Given that 𝑥 squared plus two 𝑥𝑦
plus 𝑦 squared is equal to 81, what are the possible values of 𝑥 plus 𝑦?
In this question, we are given an
equation involving two unknowns, 𝑥 and 𝑦. And we want to determine all of the
possible values of 𝑥 plus 𝑦 that satisfy the equation. To do this, we want to isolate 𝑥
plus 𝑦 on one side of the equation so that we can determine the possible values of
𝑥 plus 𝑦.
At first, it may seem difficult to
do this, since the left-hand side of the equation is a quadratic. However, we can note that the
quadratic is in the form of a perfect square by recalling that 𝑎 plus 𝑏 all
squared is equal to 𝑎 squared plus two 𝑎𝑏 plus 𝑏 squared. If we set 𝑎 equal to 𝑥 and 𝑏
equal to 𝑦, then we see that 𝑥 plus 𝑦 all squared is equal to 𝑥 squared plus two
𝑥𝑦 plus 𝑦 squared. So we can factor the left-hand side
of the equation to obtain 𝑥 plus 𝑦 all squared. This is equal to 81.

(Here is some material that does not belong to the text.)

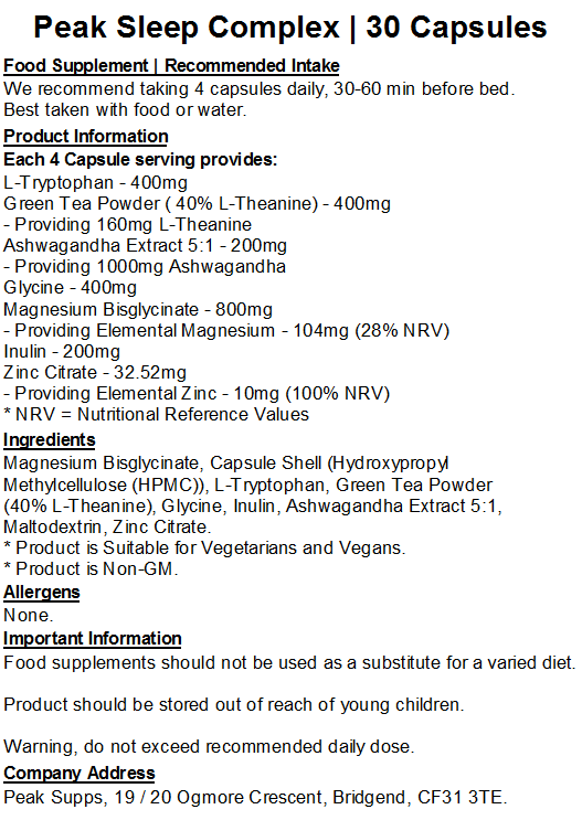 Peak Sleep Complex combines 7 popular sleep supplements in convenient capsule form. Amino acids such as Glycine, L-Theanine & L-Tryptophan are used for a number of bodily functions including creating proteins and enzymes. They are broken down into three different groups: essential, non-essential and conditional amino acids.

We can solve for 𝑥 plus 𝑦 by
taking square roots of both sides of the equation. It is important to remember that
when we take the square root of both sides of an equation, we need to consider both
the positive and negative root. We have that 𝑥 plus 𝑦 equals
either positive or negative the square root of 81. Finally, we can calculate that the
square root of 81 is nine. So we have shown that 𝑥 plus 𝑦
must be equal to either nine or negative nine.